**Exercise details**
Before you return the entries below, strip out the pictures and keep all else exact.

**Data extract**

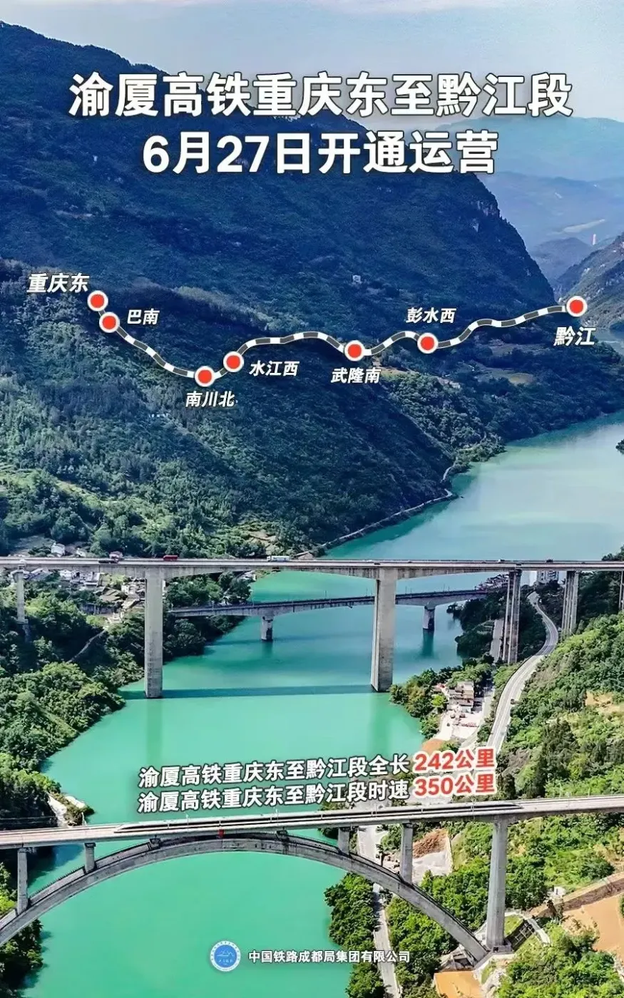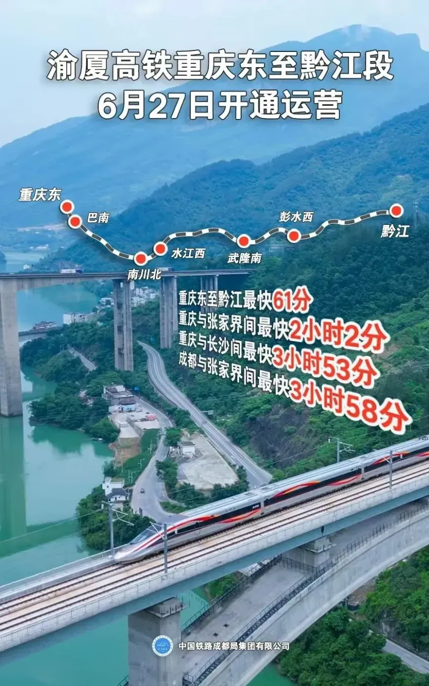 ▫️ 渝厦高铁开通:重庆→长沙3小时53分(提速2倍!)
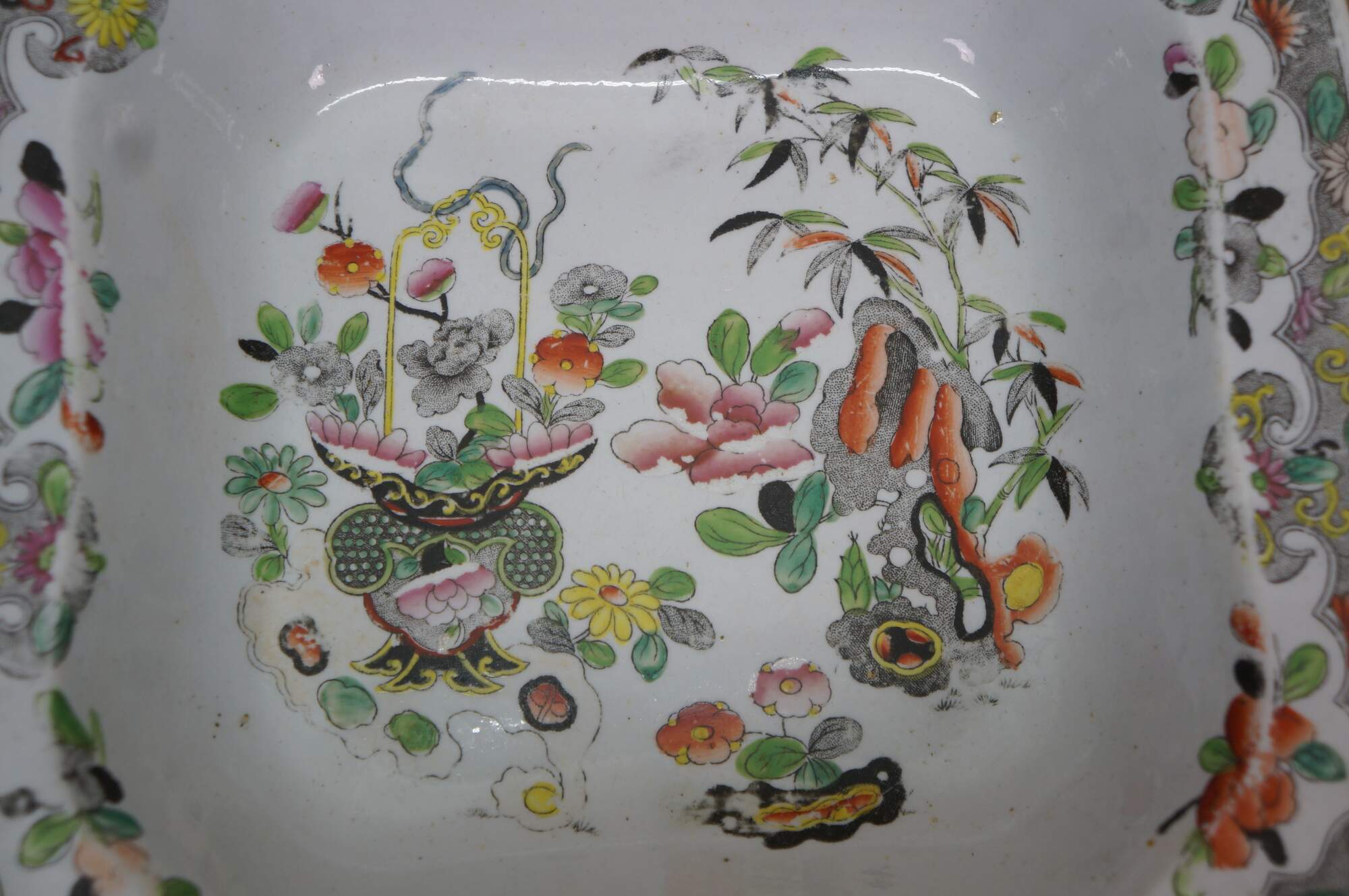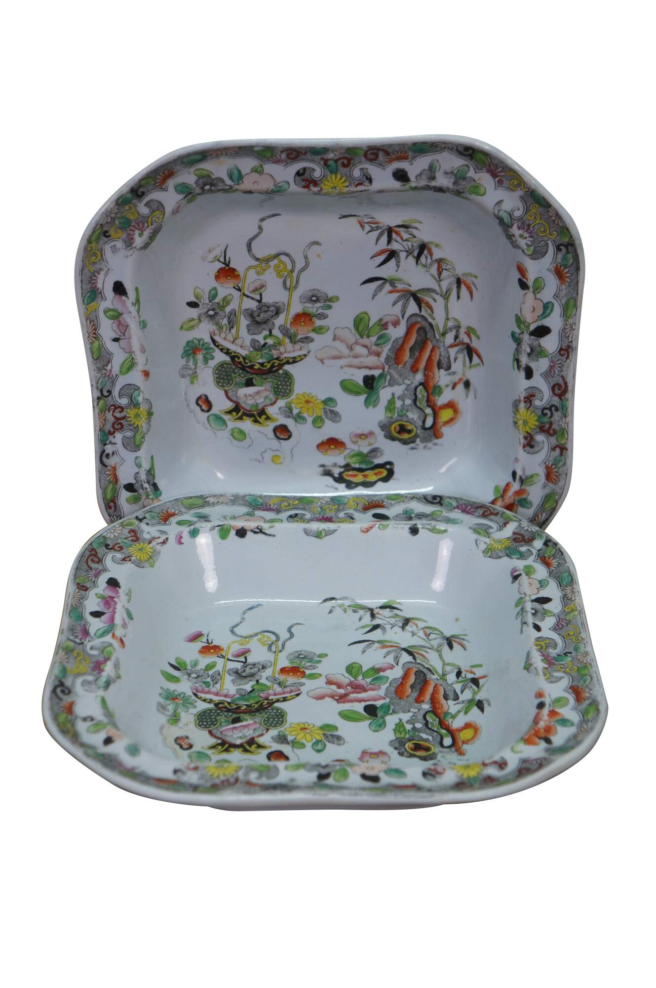 Two antique English Stephen Folch Chinoiserie Square Serving Bowls or trays in the Imari Ironstone Bamboo & Basket pattern with Royal Arms mark, Circa 1825
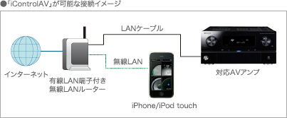 註: AV 環繞擴大機必須連接至無線 LAN 網路中的有線 LAN,以接收來自iPhone/ iPod Touch 的遙控指令
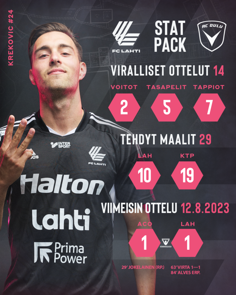 FC Lahti ja AC Oulu ovat kohdanneet toisensa virallisissa otteluissa 14 kertaa. Lahti on onnistunut voittamaan kohtaamisista vain kaksi ja oululaiset ovat juhlineet voittoa seitsemän kertaa. Tästä johtuen AC Oulu on edellä myös maaleissa. Lahti on viimeistellyt kohtaamisissa kymmenen täysosumaa, oululaiset 19. Lahti on jäänyt ilman voittoa myös tämän kauden kahdessa edellisessä ottelussa. Lahdessa Oulu nappasi 2—1-voiton Onni Hännisen vietyä Lahden johtoon. Toisella jaksolla Ashley Coffey tasoitti ja päätöslukemat iski rangaistuspotkusta Rasmus Karjalainen. Myös Oulussa pelatussa ottelussa AC Oulu iski pilkulta. Eemeli Virta tasoitti ottelun ja Lahti sai lopussa mahdollisuutensa kauan kaivattuun voittoon. Matheus Alvesin rangaistuspotku ei uponnut ja pisteet tasattiin 1—1.
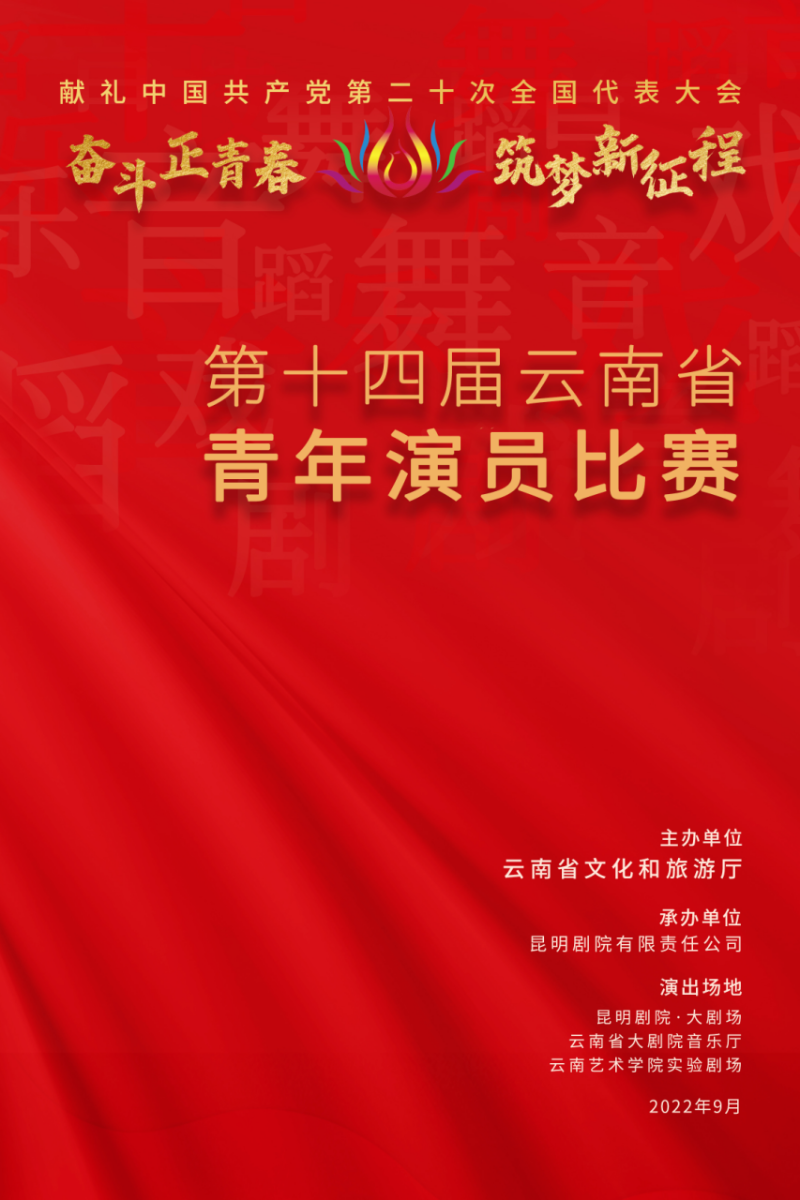 以“奋斗正青春·筑梦新征程”为主题的第十四届云南省青年演员比赛,将于9月16日晚,在云南艺术学院实验剧场正式拉开帷幕。本届比赛由云南省文化和旅游厅主办、昆明剧院有限责任公司承办,来自省直院团、州(市)专业文艺表演团体、艺术院校、民营企业等251名青年艺术才俊,将以精湛的技艺、良好的风貌、精彩的表演为即将召开的党的二十大献礼。

**Your solution**
 ▫️ 渝厦高铁开通:重庆→长沙3小时53分(提速2倍!)
 Two antique English Stephen Folch Chinoiserie Square Serving Bowls or trays in the Imari Ironstone Bamboo & Basket pattern with Royal Arms mark, Circa 1825
 註: AV 環繞擴大機必須連接至無線 LAN 網路中的有線 LAN,以接收來自iPhone/ iPod Touch 的遙控指令
 FC Lahti ja AC Oulu ovat kohdanneet toisensa virallisissa otteluissa 14 kertaa. Lahti on onnistunut voittamaan kohtaamisista vain kaksi ja oululaiset ovat juhlineet voittoa seitsemän kertaa. Tästä johtuen AC Oulu on edellä myös maaleissa. Lahti on viimeistellyt kohtaamisissa kymmenen täysosumaa, oululaiset 19. Lahti on jäänyt ilman voittoa myös tämän kauden kahdessa edellisessä ottelussa. Lahdessa Oulu nappasi 2—1-voiton Onni Hännisen vietyä Lahden johtoon. Toisella jaksolla Ashley Coffey tasoitti ja päätöslukemat iski rangaistuspotkusta Rasmus Karjalainen. Myös Oulussa pelatussa ottelussa AC Oulu iski pilkulta. Eemeli Virta tasoitti ottelun ja Lahti sai lopussa mahdollisuutensa kauan kaivattuun voittoon. Matheus Alvesin rangaistuspotku ei uponnut ja pisteet tasattiin 1—1.
 以“奋斗正青春·筑梦新征程”为主题的第十四届云南省青年演员比赛,将于9月16日晚,在云南艺术学院实验剧场正式拉开帷幕。本届比赛由云南省文化和旅游厅主办、昆明剧院有限责任公司承办,来自省直院团、州(市)专业文艺表演团体、艺术院校、民营企业等251名青年艺术才俊,将以精湛的技艺、良好的风貌、精彩的表演为即将召开的党的二十大献礼。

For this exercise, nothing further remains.